The COVID-19 pandemic disrupted a period of strong demand and rising rental rates across the Philippine office market. However, landlords received some much needed good news when Colliers recently predicted a turnaround for segment would likely happen this year as part of the country’s expected economic recovery.
“The office, residential, retail and industrial sectors will benefit from a macroeconomic rebound. Landlords should prepare to capture pent-up demand while tenants and investors should maximize opportunities as the market is on its way to recovery,” Joey Roi Bondoc, Colliers Associate Director and Head of Research, said.

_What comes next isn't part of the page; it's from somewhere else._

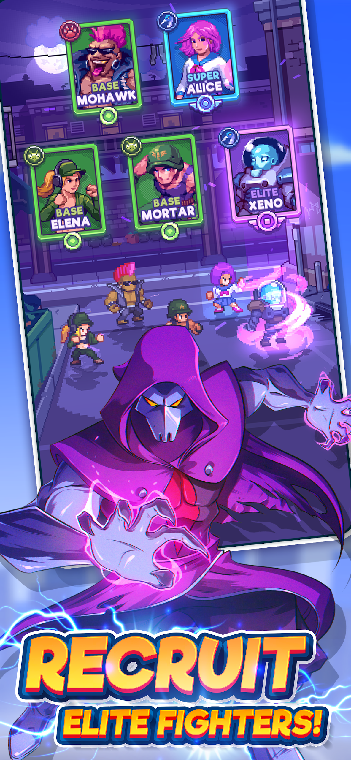 Welcome to Tap Force, an exciting new hero collector auto battle RPG that transports you straight back to the nostalgic 90s! Dive into the vibrant streets of Metro City and assemble a formidable team of 16-bit pixel fighters, challenging players around the globe in strategic battles that take place even while you're offline. That's right; your weapon shop can earn gold for you as you take a break!
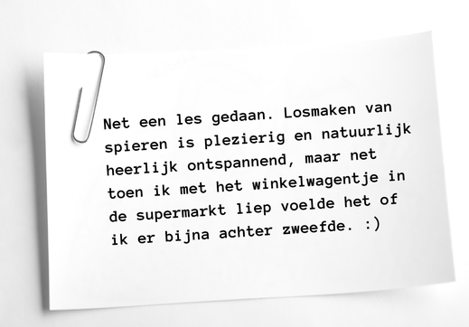 Door jouw verhaal kan een ander besluiten om ook die stap te nemen om weer vertrouwen te krijgen in haar lichaam, beter te ontspannen en weer te bewegen met gemak. Dat zou mooi zijn toch!

Colliers recorded 302,600 square meters of office deals during the first nine months of last year. This was a two percent increase from the same period in 2020. According to the consultancy, more than half of these transactions involved non–business process outsourcing companies.
Bondoc reported that Shopee, Chinabank, Grab Philippines, Asian Carmakers, Nu Skin Philippines and several logistics firms were among those to take up space in 2021. That being said, office vacancies still remain above pre-pandemic levels.
“Some occupiers continue to vacate office space in Metro Manila, Colliers retains its vacancy forecast of 15.6 percent by the end of 2021. Improvement in business sentiment in the next 12 months complemented by greater vaccination rates will likely lead to potential rebound in office space absorption in 2022,” Bondoc stated.
However, the Philippine office market must focus on creating sustainable spaces as this will help future proof commercial towers in 2022 and beyond.
“In our view, there will likely be a heightened preference for sustainable buildings that provide natural lighting and optimize air quality, among other features. Over the next 3 to 5 years, these features should result in utility and talent acquisition cost savings and contribute to healthier and more productive workforce,” Bondoc concluded.